This issue was notable for the two sheets of perforated card it contained. One sheet contained two dungeon tiles and twelve counters for use with the Dungeon Bowl rules for Wharhammer Quest/Blood Bowl. The other sheet contained all the counters required for playing the playtest rules of what would become Battlefleet Gothic. Now, I was fortunate enough to acquire this issue from a good friend who was having a clear out. It took great force of while to take a 15 year old, mint condition sheet of counters and punch them out, but I managed it and report my findings here...
|Issue 225 - Cover shot|
|The glorious counter sheet|
|The fleets deploy|
Each ship has the usual kind of stats you might expect, including damage points, speed, turning ability, shields, armour and weapon stats.
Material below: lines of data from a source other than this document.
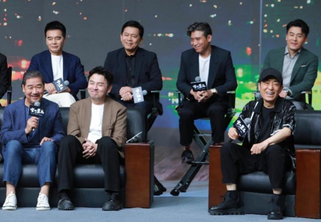 这张照片,我认出了喜容绽放的张艺谋,浓眉小眼的张国立与雷佳音,面色偏黑的李乃文,朗目疏眉的许亚军与何政军,那位穿着墨绿西装的男星是谁?
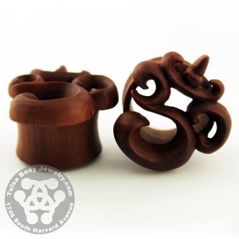 These double flare om tunnels are handcarved from sabo wood by Urban Star Organics. They have approximately 3/8" wearable area between the flares. Choose your size below.Last chance to own these! We can't restock this design because Urban Star is no longer
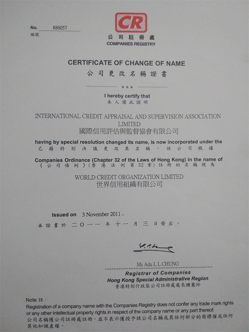 (later renamed World Credit Organization Co., Ltd., company certificate does not need to be renewed every year): ID: 886057
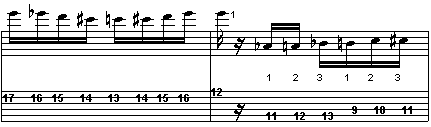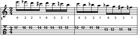 Se analizzate la scala suonata dalla battuta 96 alla 99, noterete che si tratta sempre di una scala cromatica fatta però in questo modo particolare,

Weapons have a range and fire arc and typically a firepower rating, which, when cross referenced with the orientation of the target, dictates how many dice you roll to hit. Exceptions include 'lances' which have a straight 50% chance of causing damage per strength point and torpedoes, which move each turn until they hit a ship or leave the table.
Most attacks have to try and knock down the enemy shields before they can cause damage, and each point of damage has a chance of causing a critical hit. One interesting rule sees blast markers placed when shields are knocked down, representing, shockwaves, plasma, radiation clouds etc. These stay on the table once placed (1d6 are removed at the end of each turn) and provide cover and movement penalties. This means there is effectively some kind of varied terrain during the game, not something I have come across in a space game in this way. I quite like it!
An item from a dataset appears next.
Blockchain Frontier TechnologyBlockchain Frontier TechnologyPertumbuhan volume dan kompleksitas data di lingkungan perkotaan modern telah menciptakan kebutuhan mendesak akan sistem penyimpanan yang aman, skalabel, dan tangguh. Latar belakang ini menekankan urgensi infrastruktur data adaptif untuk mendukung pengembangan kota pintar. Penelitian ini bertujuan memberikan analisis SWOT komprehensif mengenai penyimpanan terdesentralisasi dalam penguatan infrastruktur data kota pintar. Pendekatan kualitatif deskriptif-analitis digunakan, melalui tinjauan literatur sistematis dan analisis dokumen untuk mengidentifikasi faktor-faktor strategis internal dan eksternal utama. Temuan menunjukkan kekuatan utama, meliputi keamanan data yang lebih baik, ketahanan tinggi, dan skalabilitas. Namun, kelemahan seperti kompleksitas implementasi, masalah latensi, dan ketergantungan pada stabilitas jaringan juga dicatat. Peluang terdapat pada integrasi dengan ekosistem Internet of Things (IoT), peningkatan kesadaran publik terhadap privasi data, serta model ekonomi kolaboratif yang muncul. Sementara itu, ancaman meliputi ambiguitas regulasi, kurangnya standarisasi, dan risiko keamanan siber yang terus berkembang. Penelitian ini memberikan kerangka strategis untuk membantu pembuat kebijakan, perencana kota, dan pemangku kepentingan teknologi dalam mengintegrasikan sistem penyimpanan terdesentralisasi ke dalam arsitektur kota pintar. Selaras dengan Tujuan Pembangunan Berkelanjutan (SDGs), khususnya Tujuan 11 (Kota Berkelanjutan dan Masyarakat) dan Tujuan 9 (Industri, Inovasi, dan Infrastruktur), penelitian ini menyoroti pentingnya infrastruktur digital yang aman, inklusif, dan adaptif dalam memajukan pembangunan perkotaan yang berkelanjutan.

|Chaos warships smash through the Imperial line.|
All in all I was quite impressed by these, especially for a free set of test rules complete with counters. For those who don't know, you can download the full rules from the GW website, but the test rules are enough for a game which provides an interesting diversion.
One thing I was reminded of afterwards was how similar the rules are to the Call to Arms rules by Mongoose Publishing. Owning the Babylon 5 revised set, I was prompted to pull it out and remembered how good it was. As a result I am embarking on a Bab5 campaign, which I will no doubt be reporting on in the future.